Lewis's second contentious assertion was that TEC has never negotiated a settlement in any of its legal actions. TEC goes to court to enforce its duly established Constitution and Canons just as the United States fought the Civil War to defend its non-negotiable Constitution. The Dennis Canon is not negotiable. It is a law of the Church. The idea that TEC lawyers would cast aside a canon of the Church to make a negotiated settlement with secessionists is absurd and the other side knows it.

Lewis's third charge was that DSC told the TEC lawyers that it would entertain written offers of a negotiated settlement in 2013 but that none ever appeared. Really? Tell us more! Who made the offer? When was it made? To whom was it made? Was Judge Goodstein informed of this? She did not seem to know it in court proceedings. What offer of a negotiated settlement did DSC ever make to the other side? If not, why not? It certainly was not in DSC's interest to make a compromise agreement in a court everyone knew would favor DSC, as it inevitably did.

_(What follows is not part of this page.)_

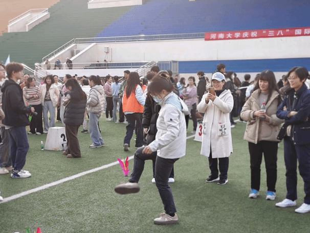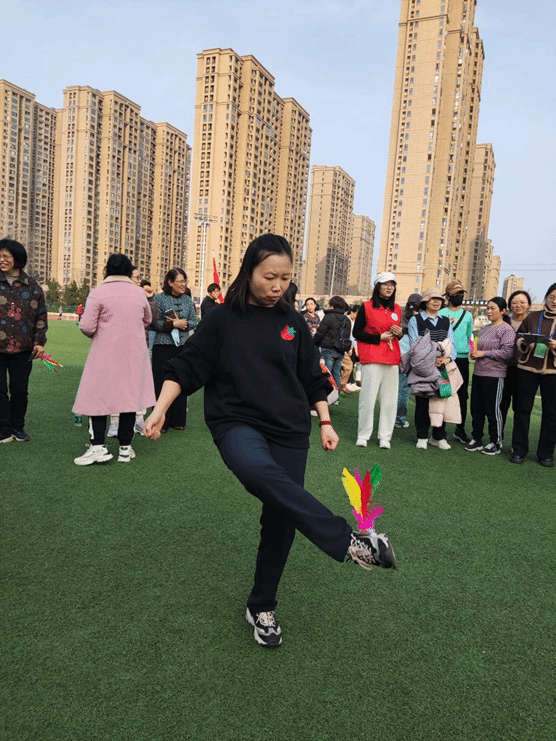 在个人项目踢毽球比赛的场地上,参赛教工动作轻盈,展现了高超的技巧。毽球在空中飞舞,教工们的身影也随之灵动跳跃,现场掌声、欢呼声此起彼伏,气氛热烈非凡。
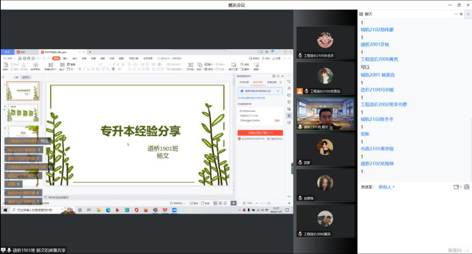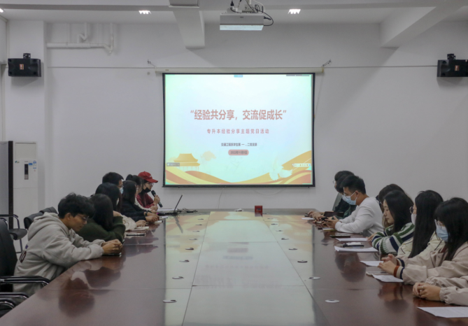 为了让2020级学生能在专升本考试中取得优异成绩,2022年11月5日晚,交通工程系学生第一、二党支部开展专升本经验分享主题党日活动。经验分享会上,我系特邀在2022年专升本考试中取得优异成绩的学生党员——刘霁瑶、鄢秀玲、张惠玉及杨文四位同学,以线上+线下直播的方式分享宝贵的学习经验。此次主题党日活动旨在帮助我系学生不断提升自身综合素质,以前仆后继、精神抖擞的姿态投身至更广阔的平台,不断发挥自身优势,大展拳脚。

Lewis's letter of today displayed a rather sad air of desperation, just as DSC actions of the last few weeks. The control DSC has had over litigation has ended. It can no longer fire down on its enemy from the heights to the valley below. It must now wage war on an open field. The fight will be different from now on and Lewis, Lawrence, Runyan et al know it very well. If it's not panic in their camp, it is at least grave concern.